■ **Available data**:
=======
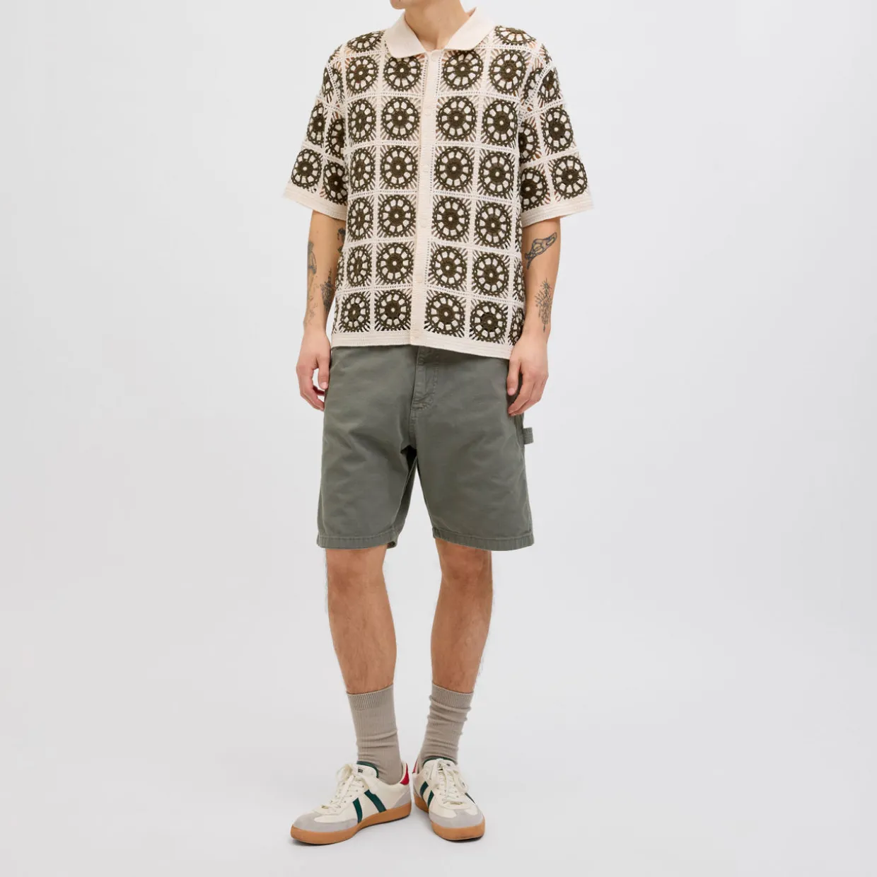 - Button and fly zip fastening, belt loops, side entry pockets, rear pockets, loop detailing, strong canvas fabric, loose thigh
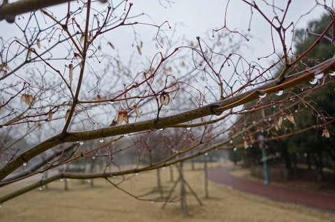 비가 내려서 나뭇가지에 물방울이 방울방울
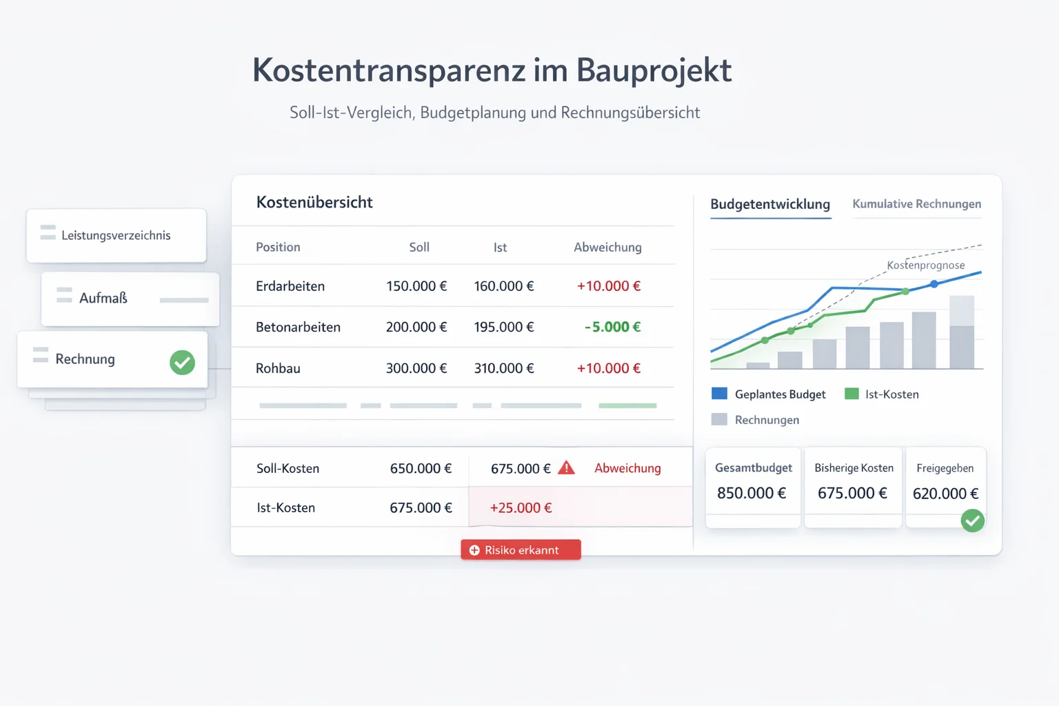 • Geprüfte Soll-Ist-Vergleiche pro Rechnung
=======
■ **Task statement**:
A faithful, picture-free copy of the material is what this task asks for.

■ **Your response**:
 - Button and fly zip fastening, belt loops, side entry pockets, rear pockets, loop detailing, strong canvas fabric, loose thigh
 비가 내려서 나뭇가지에 물방울이 방울방울
 • Geprüfte Soll-Ist-Vergleiche pro Rechnung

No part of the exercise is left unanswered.